No, you fucking aren't. If we were NICE PEOPLE, there would be a lot fewer homeless in the US for you to PRETEND to fucking care about when their poverty lands them in the ER over and over and then you label them "homeless frequent flyers."

So I'm thinking Malawi would likely be better off using the internet or similar to support the work of LOCAL clinics in villages, traditional healers ("medicine men") and midwives who KNOW THEIR PATIENTS and how they live and pour more funds into basic essential development over modern hospitals "donated" by rich and famous foreigners which likely have (painfully high) carrying costs that Malawi is expected to cover because MOST grants and the like will pay for the building but not to "keep the lights on" so to speak.

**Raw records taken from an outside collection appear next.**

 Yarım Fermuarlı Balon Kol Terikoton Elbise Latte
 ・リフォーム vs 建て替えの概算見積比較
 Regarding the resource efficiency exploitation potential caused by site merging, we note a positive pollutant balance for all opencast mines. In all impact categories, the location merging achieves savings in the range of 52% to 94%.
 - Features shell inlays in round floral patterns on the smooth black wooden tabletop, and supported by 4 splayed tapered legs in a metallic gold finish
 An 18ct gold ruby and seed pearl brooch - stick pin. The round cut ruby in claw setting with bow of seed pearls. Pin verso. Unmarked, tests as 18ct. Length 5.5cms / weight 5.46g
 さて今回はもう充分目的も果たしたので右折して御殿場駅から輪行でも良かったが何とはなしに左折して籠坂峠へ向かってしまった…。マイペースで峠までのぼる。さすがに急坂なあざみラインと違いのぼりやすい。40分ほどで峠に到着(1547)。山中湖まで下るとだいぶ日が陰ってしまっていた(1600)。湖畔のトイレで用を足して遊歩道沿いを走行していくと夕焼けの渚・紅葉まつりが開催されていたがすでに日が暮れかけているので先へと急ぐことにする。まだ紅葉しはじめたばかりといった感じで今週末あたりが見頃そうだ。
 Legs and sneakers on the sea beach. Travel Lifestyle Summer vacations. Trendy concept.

YOU typically get to find some way to pay for that.

Though if you wanted to actually close any hospitals to divert the money to better uses, you would probably need to FIRST improve outcomes via other methods, DOCUMENT it, get DATA to back up your argument and make your case. Though with malaria accounting for 30 percent of outpatient visits and AIDS accounting for 35 percent of deaths, if those dropped substantially, you might see demand for medical care drop by as much as 75 percent, at which point you could start firing staff, shuttering entire wards and eventually go "I don't know why we keep this nearly empty hospital in the government budget anymore."

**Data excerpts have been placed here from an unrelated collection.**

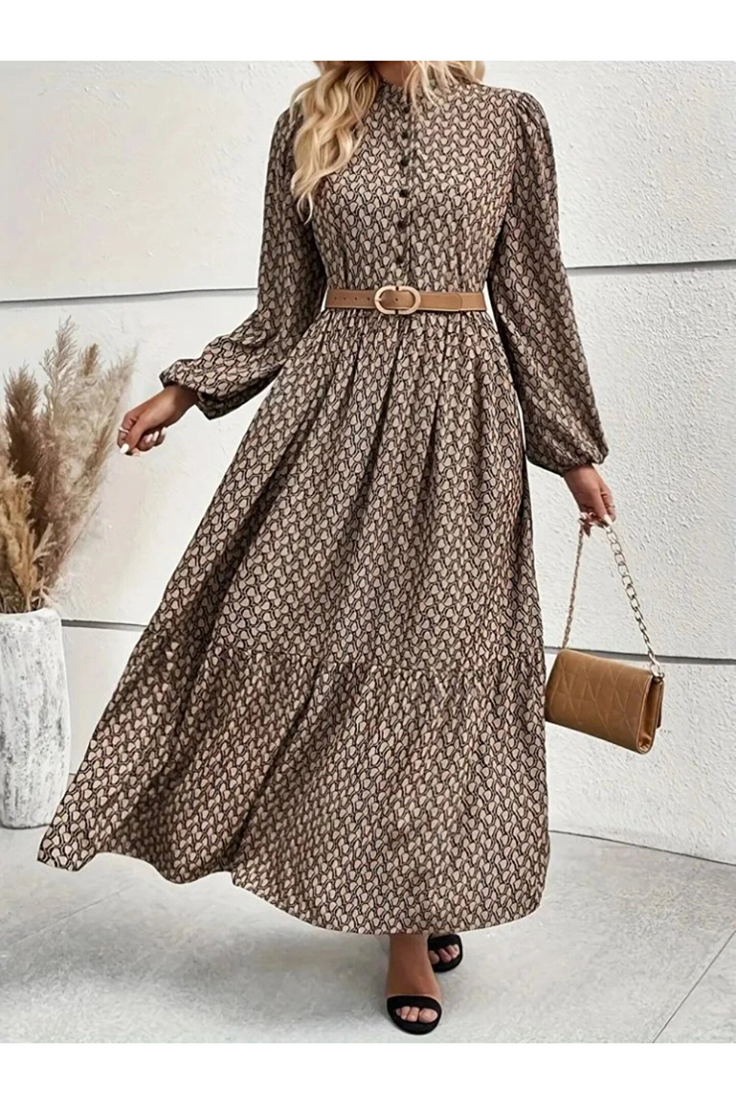 BEFAON Kadın Uzun Kollu Hakim Yakalı Düğmeli Kemersiz Desenli Maxi Süprem Elbise
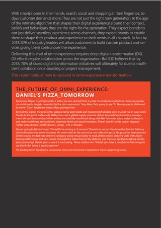 The document discusses the need for companies to shift towards providing an omni-experience for customers by delivering seamless experiences across channels and giving customers control over customizing products and services. It states that by 2018, 20% of industry leaders will allow for this level of customization. Delivering an omni-experience requires deep digital transformation across the entire organization through collaboration between business and IT leaders. The document examines how to succeed in omni-experience transformation.
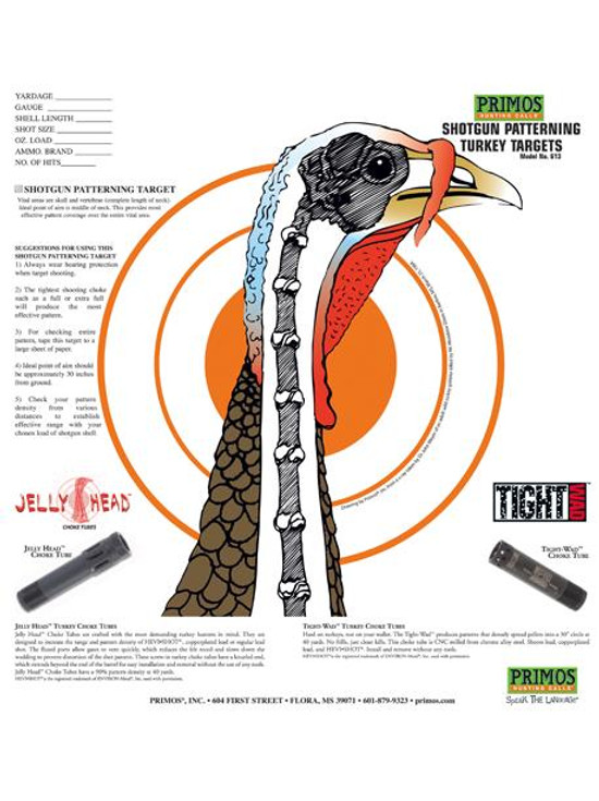 Don't aim at the head! Half of your pattern will pass above the gobbler. The proper point of aim is at the middle of the neck to ensure that the entire pattern covers the best kill zone of a turkey. The 10.75 x 11.5 surface of these targets show the most effective shot placement with a bright orange bulls-eye. You can see an actual X-ray of a turkey's head.
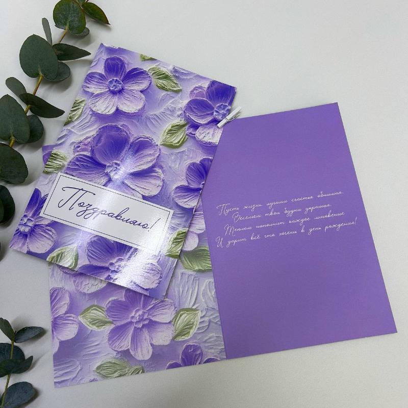 Открытка-Поздравляю ( сиреневая)
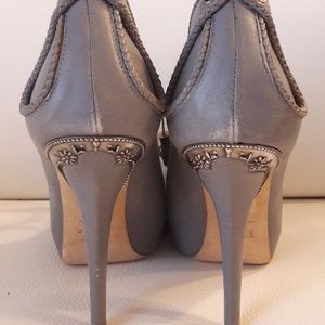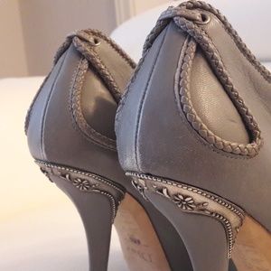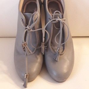 💓Exquisite metal tooling in silver on the heel give it a little touch of Western love! Braided leather edging and ties with "D" charms on the tassels. Small platform styling. Beautiful dove grey color.
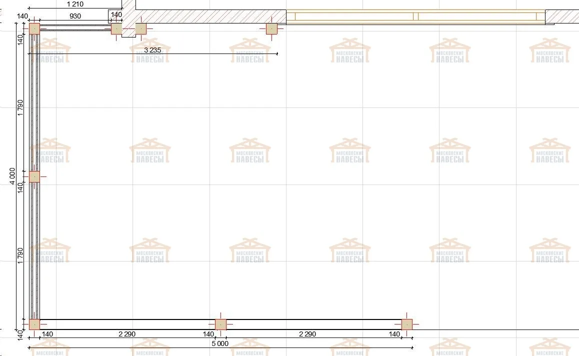 Стойки (столбы навеса) | Массив бруса сечением 140×140 мм Примечание: возможно естественное растрескивание, которое никак не влияет на надежность. Во избежание этого необходимо использовать клееный брус |
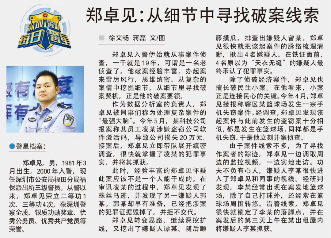 除了偵破經濟案件,鄭卓見也擅長破民生小案。在他看來,小案正是連接民心的關鍵。今年4月,鄭卓見接報稱轄區(qū)某籃球場發(fā)生一宗手機失竊案件。經調查,鄭卓見發(fā)現(xiàn)該起案件與此前發(fā)生的盜竊案十分相似,都是發(fā)生在籃球場,同樣都是手機失竊。于是他立刻并案偵查。
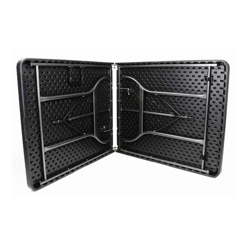 Černá sklopná sestava v elegantním designu upoutá Vaši pozornost. Stůl a lavice jsou obratem ruky postavené. Díky integrovanému držáku můžete sestavu donést sebou k jakékoliv party. Pokud sestavu zrovna nepotřebujete, jednoduše ji složíte a uskladníte. Materiál je nenáročný na údržbu a lehce omyvatelný. Tím je sestava vhodná jak pro vnitřní tak i venkovní prostory. Nohy jsou opatřeny gumovými záslepkami. Nic nestojí Vašim oslavám v cestě.
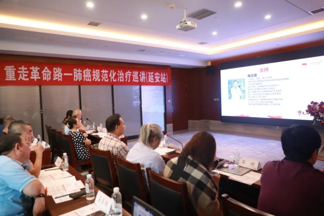 “重走革命路,肺癌規(guī)范化治療巡講-延安站”活動(dòng)于在7月31日下午進(jìn)行。上海交通大學(xué)醫(yī)學(xué)院附屬新華醫(yī)院副院長陳昶教授、西安國際醫(yī)學(xué)中心醫(yī)院腫瘤醫(yī)院院長南克俊教授、延安大學(xué)附屬醫(yī)院腫瘤科主任趙紅教授致辭。在“統(tǒng)籌全局,重新出發(fā)”、“與時(shí)俱進(jìn),走向希望”、“星火燎原,革命之路”三個(gè)環(huán)節(jié)中,延安、上海、遵義三地的專家們通過視頻會(huì)議各抒己見,博采眾長,就肺癌治療領(lǐng)域的諸多問題進(jìn)行了充分地交流。西安國際醫(yī)學(xué)中心醫(yī)院胸科醫(yī)院李文海副院長、腫瘤醫(yī)院薛妍副院長分別作了題為《ASCO NSCLC術(shù)后輔助治療進(jìn)展》、《ASCO NSCLC晚期治療進(jìn)展》的報(bào)告,放射治療中心陸軍主任與腫瘤三病區(qū)劉金鵬主任主持并參與了討論。
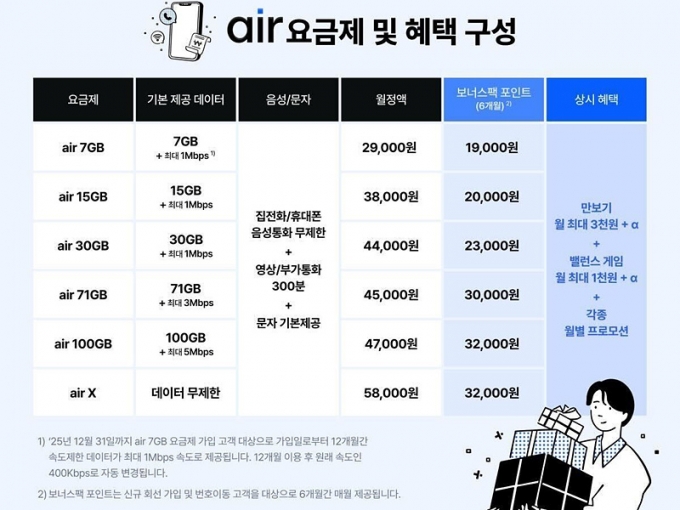 회선 가입 없이 에어 앱 회원 가입만 해도 포인트를 지급하는 이벤트도 진행된다. 에어 앱에 회원으로 가입하는 고객 모두에게 1만포인트를 가입 즉시 지급하며, 친구 초대 이벤트를 통해 총 200팀(400명)을 추첨해 1팀당 네이버페이 포인트 10만원을 지급한다. 친구 초대 이벤트는 이달말까지 진행된다.

If you perform modern inpatient surgery on people, then send them home to a situation with inadequate clean water, poor sanitation and poor nutrition, you are likely seeing high rates of post operative infection killing and maiming people. The country would likely be better off in the aggregate if it traded all its surgeons for a functional water distribution system and improved sanitation.

"For illustration purposes ONLY." aka to make a point to the two or three people on planet earth who bother to read my writing. I imagine a more PRUDENT position would be to trade MOST of your surgeons for more basics, IF such a thing could be done. Or, you know, go court organizations like water.org and try to get a fuckton MORE basic essentials whatever your doctors per capita status is.